The Colebrookedale Railroad

Boyertown, Pennsylvania | C.1869

Photo Credit: Lisa Schaffer

Two alluring palms and a finely crafted wood interior invite a patron to a journey back in time. Pleasantly “click-clacking” on a mid-19th Century railroad, this train explores a corridor once heated by the iron forges of early America. 

Built after the American Civil War, the Colebrookedale Railroad was constructed as a freight and passenger route serving the molten hot iron ore industry housed in the eastern portion of Pennsylvania. Stretching 8.6 miles between Boyertown and Pottstown, the track passed through a region known as a steel-producing region even before the United States was born in the 1700s.
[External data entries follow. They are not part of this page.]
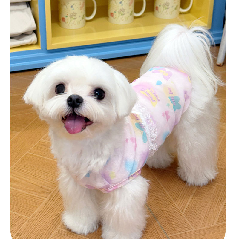 새로운 봄과 여름 핑크 레이스 소매 얇은 통기성 메쉬 여름 귀여운 조끼 애완 동물 강아지 옷 도매스토어 가기
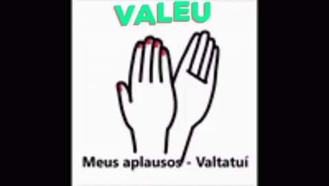 Animated clapping hands with the Portuguese word 'Valeu' and 'Valtatui'.
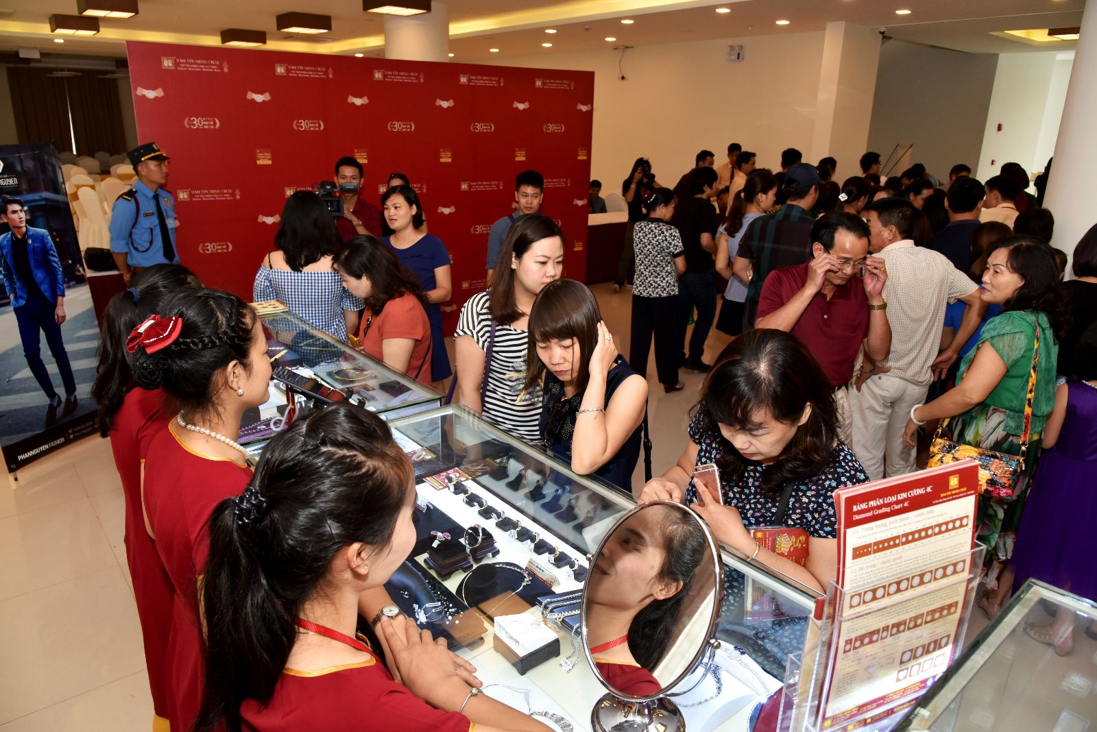 Không chỉ thỏa mãn những giải đáp xung quanh việc giao dịch trao đổi vàng Rồng Thăng Long, các khách hàng còn được chiêm ngưỡng các bộ trang sức đẹp sang, tinh tế cùng 6 bản vị vàng Rồng Thăng Long với những ý nghĩa may mắn riêng cho từng bản vị. Đặc biệt là chương trình bốc thăm may mắn trúng 8 chỉ Nhẫn tròn trơn Vàng Rồng Thăng Long đã tìm được các chủ nhân may mắn:
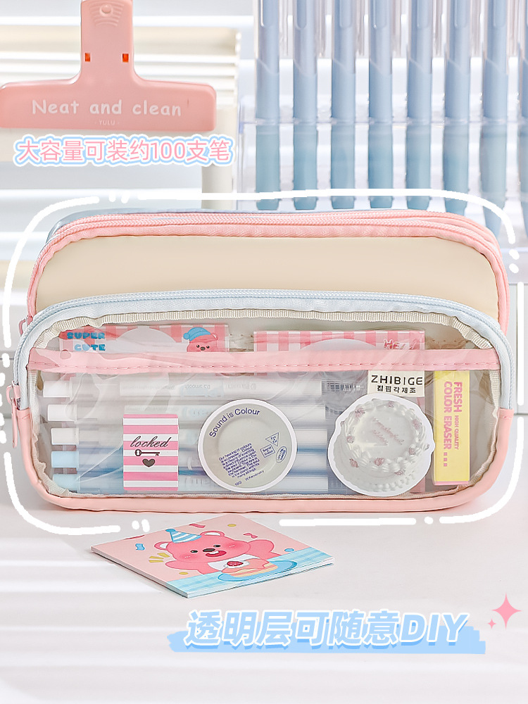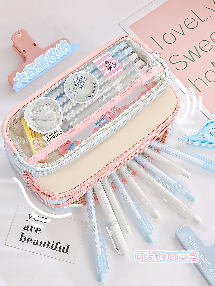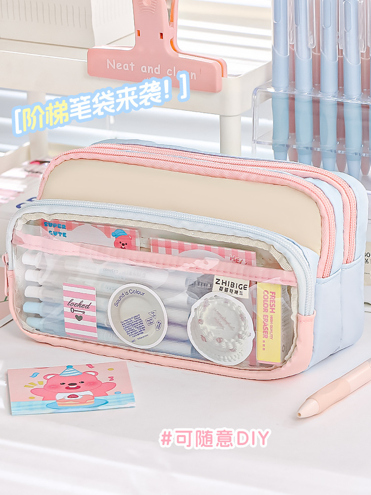 Colorblock o00 연필 케이스 투명한 대용량 문구 가방 창조적 인 다기능 문구 가방 Ins 일본 스타일 높은 색상 가치

Due to the rushing streams for powering their furnaces and idyllic expanse, industrial pioneers set up their ironworks  in the corridor, beginning an industrial trend that would continue over 200 years. 

As with the rest of America’s industrial economy, the railroad and the steelworks had severely declined by the 20th Century. By 2008, the railroad line had been abandoned. Nathaniel Guest, a native of the area and preservationist, formed an organization to save the heritage line and repurpose it for tourism. 

In operation since 2014, the Colebrook Railroad Company now takes thousands of visitors through the “secret” valley that attracted American industrialists in historic train cars festooned with fantastic ornamentation. While heated for winter joyrides, the railroad’s carriages do not reach the temperatures of a blast furnace.